A pixel might pass the AET test (the AET tells the engine to stop firing samples) even with some noise (error)  in a channel. The same is true for “visual” image noise, there are times when you don’t need every AOV to be perfectly noise free. There are also times when noise is not visible in a specific AOV, but composing the final image will give you a visible noise result. In this case you might have to adjust every AOV image result with an exposure filter (in Picture Viewer or Editing app).

Dome Light has a special adaptive samples distribution that favors bright spots on the HDRI texture so it requires A LOT of Local Samples (samples are gathered towards the “sun” for example, and are less distributed across the “sky”)
In comparison, Environment Map Shader offers only GI Illumination, its samples are controlled by the GI engine.

If you have mixed lights in the scene it is better to use Local Samples for each light object instead of Overrides.

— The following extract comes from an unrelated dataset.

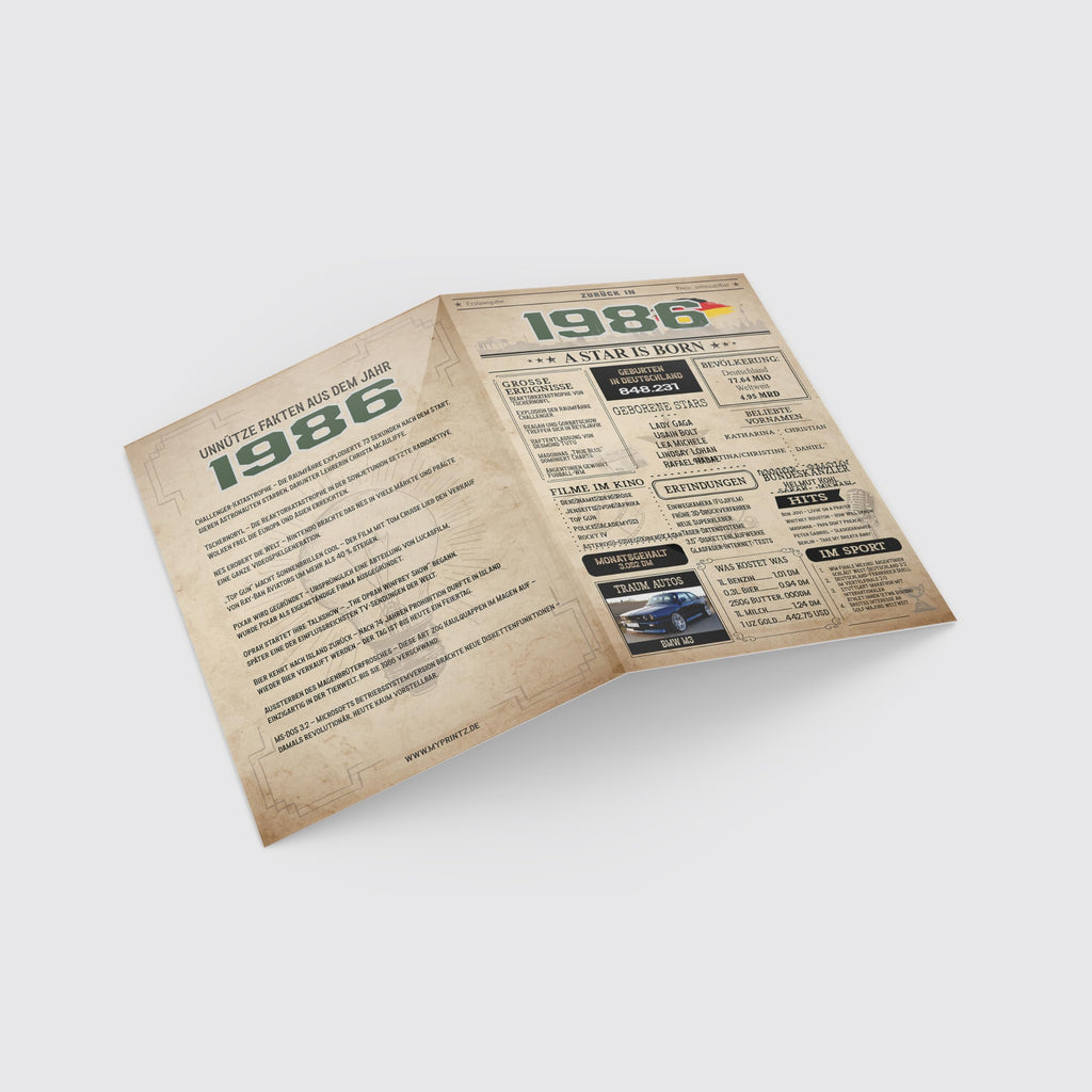 Zeitreise zum 40. Geburtstag: Premium-Jahrgangskarte 1986 im Zeitungs-Design

Volume indirect illumination is always calculated using Brute Force. So if you have volume emission or other source of secondary rays that light your volume you should always adjust BF rays even if you have IC as main GI method.

Conclusion

A large range between Samples Min and Max allows the adaptive engine to fine tune how much time is spent on a pixel, however, this creates unused Local Samples for channels that don’t need that many samples. So a balance between adaptive sampling range and number of camera samples fired is desired. On the other hand, a low interval between min. and max. camera samples will reduce the adaptive sampler effectiveness, resulting in longer render times.